III. Rechtsschutz, Verfahren

Zur organisations- und verfahrensnormierenden Kraft der Grundrechte Von Hans Heinrich Rupp

I. Die Einsicht, daß Organisation und Verfahren des Rechts- und Verfassungsstaates dem Freiheitsschutz der Bürger entsprechen müssen, also in ihnen die Freiheitsrechte wirksam werden, ist heute in der deutschen Verfassungslehre unbestritten und geradezu zum Schlagwort geworden: Gewaltentrennung, Bindung aller Gewalten an die Verfassung, Gesetzesvorrang und Gesetzesvorbehalt, Fairneß und Transparenz der Entscheidungen, Individualrechtsschutz durch unabhängige Gerichte sind dafür ebenso Beispiele wie die Selbstverständlichkeit, daß materielle Rechte ohne geeignete Durchsetzungsverfahren wenig wert sind.
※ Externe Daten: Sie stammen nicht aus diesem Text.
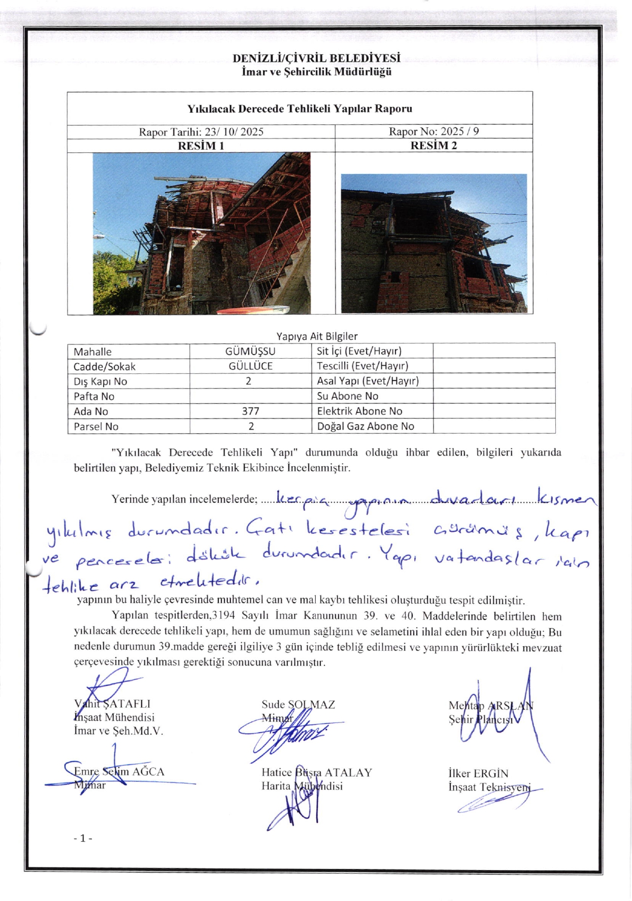GÜMÜŞSU MAH. YIKILICAK DERECEDE TEHLİKELİ YAPILAR RAPORU

Beispielhaft für diese Einsicht ist vor allem der vielzitierte Beschluß des Bundesverfassungsgerichts vom 20. 12. 1979 - Atomkraftwerk Mühlheim-Kärlich. 1 Das Gericht sah sich seinerzeit vor die Frage gestellt, ob im atomrechtlichen Genehmigungsverfahren die Anwohner aus Gründen des vorbeugenden Grundrechtsschutzes einen verfahrensrechtlichen Anspruch auf Einhaltung der Rechtmäßigkeitsvoraussetzungen der Genehmigung besäßen. Das Gericht hat diese Frage eindeutig bejaht und ist der Auffassung entgegengetreten, das atomrechtliche Genehmigungsverfahren lasse nicht erkennen, daß es Anhörungs- und Mitwirkungsrechte von Anwohnern gewähre. Die vorgeschriebene Bekanntmachung und Beteiligung Dritter diene der Ordnung des Verfahrens und solle die Genehmigungsbehörde in den Stand versetzen, alle für die Entscheidung maßgeblichen Gesichtspunkte zu berücksichtigen. Für die Beteiligung solcher Personen, die durch die Errichtung der Anlage eine Beeinträchtigung ihres Grundrechts aus Art. 2 Abs. 2 GG befürchteten, sei deshalb nach dem Gesetz kein Raum.2 Demgegenüber stellt das Bundesverfassungsgericht fest, „daß der Grundrechtsschutz weitgehend auch durch die Gestaltung des Verfahrens zu bewirken ist und daß die Grundrechte demgemäß nicht nur das gesamte materielle, sondern auch das Verfahrensrecht beeinflussen, soweit dieses für einen effektiven Grundrechtsschutz von Bedeutung ist 44 . 3 Demgemäß sei auch das verfahrensrechtliche Beteiligungsrecht der genannten Personen gerichtlich durchsetzbar. Konrad ι BVerfGE 53, 30. 2 BVerfGE 53, 30 (63). 3 BVerfGE 53, 30 (65).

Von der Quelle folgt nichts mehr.